There are two images. The one in which my eyes are open, and the one in which my eyes are closed. The latter I obviously prefer. The world is in black and white, flickering with the warmth that only celluloid can bring. A brunette lays upon my bed. I know what you are thinking. She holds in her right hand a cigarette in which smoke curls and crawl upon the walls and melds into the ceiling. The blanket is up to her collar bone, but it is tight around her curved figure, allowing just enough to the imagination while revealing slightly more than is usually acceptable. She is wearing perfectly red lip stick. The world is black and white except for her lips. They must be red. they are red. She doesn't smile. She doesn't need to smile. It was good. It always is. It is Noir. Wonderful Noir. The lamp in the corner flickers seductively. The shadows are as important as the clear images.

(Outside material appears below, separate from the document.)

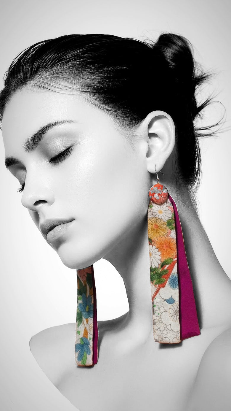 Long-length kimono double-layer earrings (Floral pattern × Red)

The former is undoubtedly too real. The world is coloured, but far from picturesque. The colour adds a dankness and dullness to the apartment, making clear imperfections that where once hidden in the simplicity of black, white, and freckled friction. The shadows, being things of rare beauty in the previous image, make the room depressing and pathetic in the new image. On the bed lays a pretty woman void of any elegance. She is completely naked and covered in stale sweat. the blanket which covered the previous woman is now wrinkled and damp, pushed to the bottom of the bed, being held by the pressure of the two mattresses. She lays with her hands behind her back, her nipples glistening in the flickering light, eyes gazing at the white ceiling. She doesn't smile. She doesn't smile because she knows it was good. She doesn't smile because she knows it is never good. It isn't bad. It just isn't good.

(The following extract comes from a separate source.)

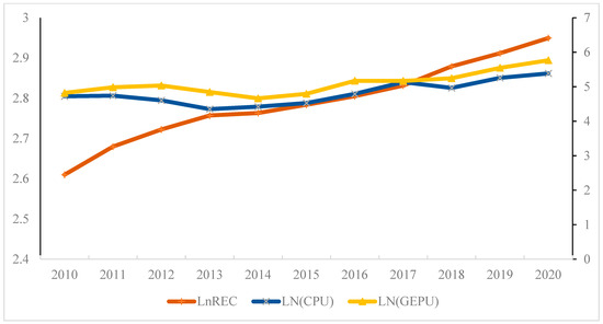 Figure 1 presents a scatterplot matrix illustrating the relationships among the determinants studied. Additionally, Figure 2 displays the time series data for REC, CPU, and GEPU within the BRICS countries from 2010 to 2020. As shown in Figure 2, there is a positive correlation between REC, CPU, and GEPU, suggesting that increases in CPU and GEPU lead to a rise in REC. Furthermore, Figure 2 indicates that REC showed a continuous increase throughout the study period, while CPU experienced a decline during the periods of 2010–2013 and 2017–2018.

I close my eyes. Pale abstract whiteness. I open them, realist and ugly reality. I close them. Beautiful simplicity. I open them, ugly complications. She isn't ugly. She is real, which makes her tedious, hideous and serious. She lacks dignity and self respect. I look down. I am naked. I am disgusting. I am fat, frail, and uninviting. I catch our scent filled with stale sweet, pheromones, and bodily fluids. I close my eyes. The room is back to its previous version of civility and sterilization. That is civilization. Not this reality. Never this reality. I open my eyes. She is asleep. Laying upon the bed, her naked body vulnerable and undefinably repulsive. Her imperfections flicker brightly before my eyes, as the lamp changes the shades and shape of her human form, from one version of grotesqueness to another. The beasts within her loins, the ravages that exist upon her heaving breasts and idioms that linger on her stale breath.

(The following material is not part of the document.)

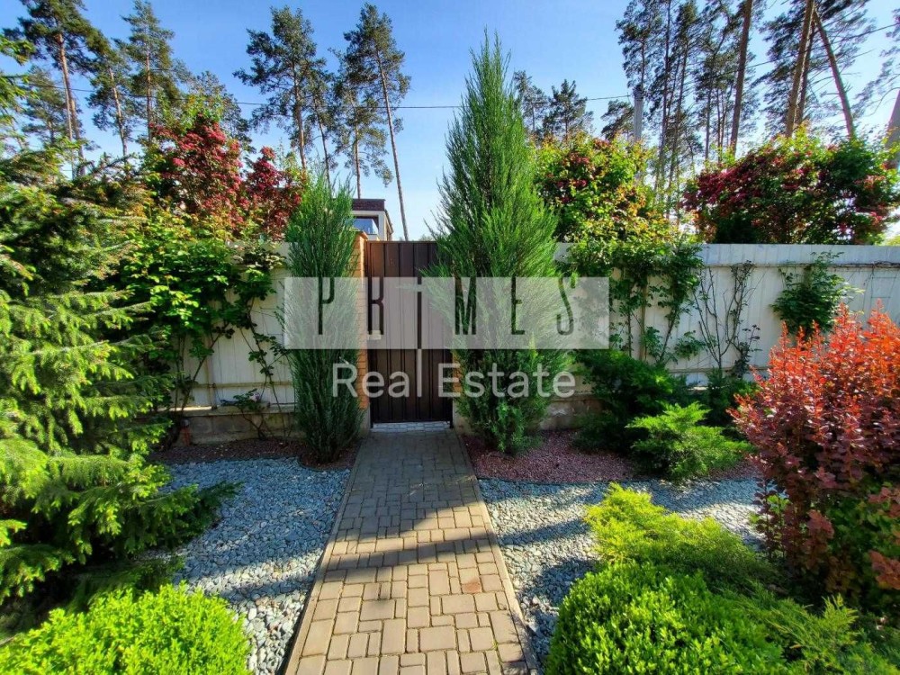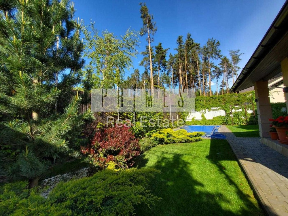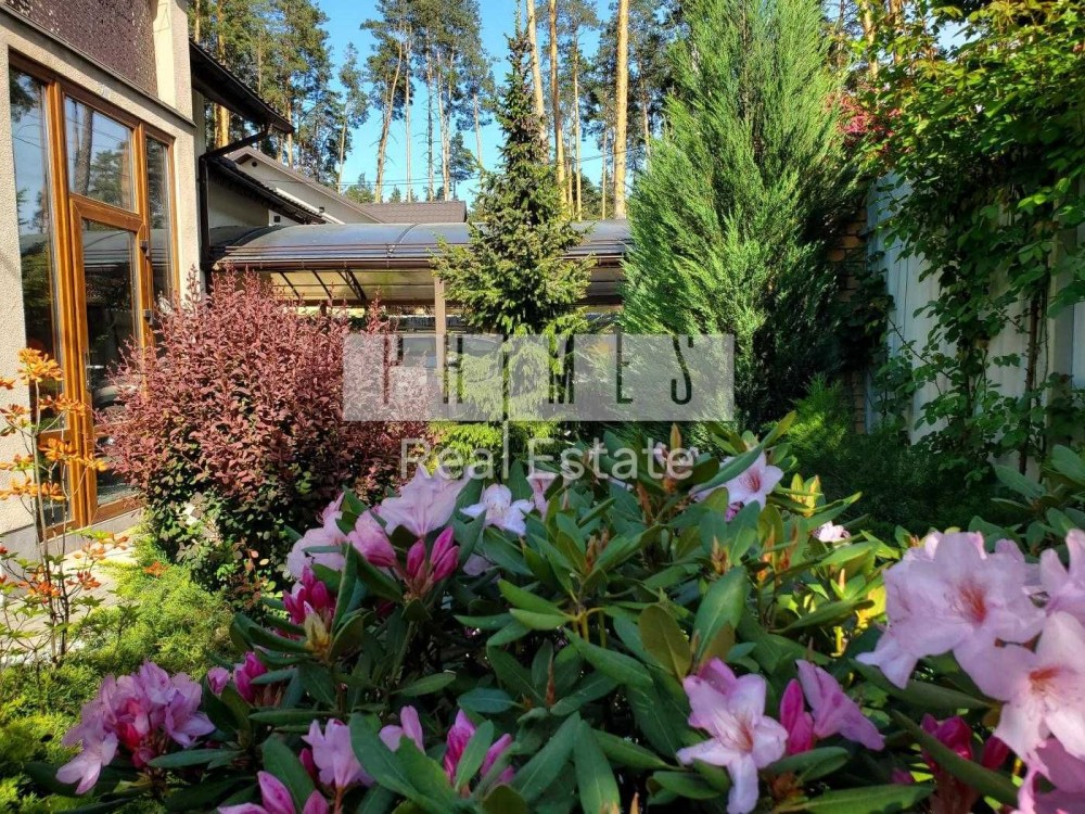 Земельна ділянка площею 5 соток з ландшафтним дизайном (дорослі декоративні дерева, газони, клумби з квітами) та системою автоматичного поливу.

I close my eyes. She is still there, laying with elegance, her eyes closed and her cigarette burning in an ashtray on the bedside table. I climb into bed with her. She wraps her arms around me, her brown hair falling gently upon my heaving and muscular chest. I stroke her hair, and let the dame rest. She has been through much. I gotta find that devil man who keeps hounding her!! It all started with an afternoon in which she walked into my office. She was no regular Dame I can tell you that. She was nervous, you could tell by her she held her cigarette and puffed on it. She had a case for me you see. It was about her husband. He was having an affair she said. She needed a private detective she told me. She had an envelope of 20 dollar bills and a look of utter desperation. No regular dame I tell yeah. I was ready to take the case, not knowing what I was getting into.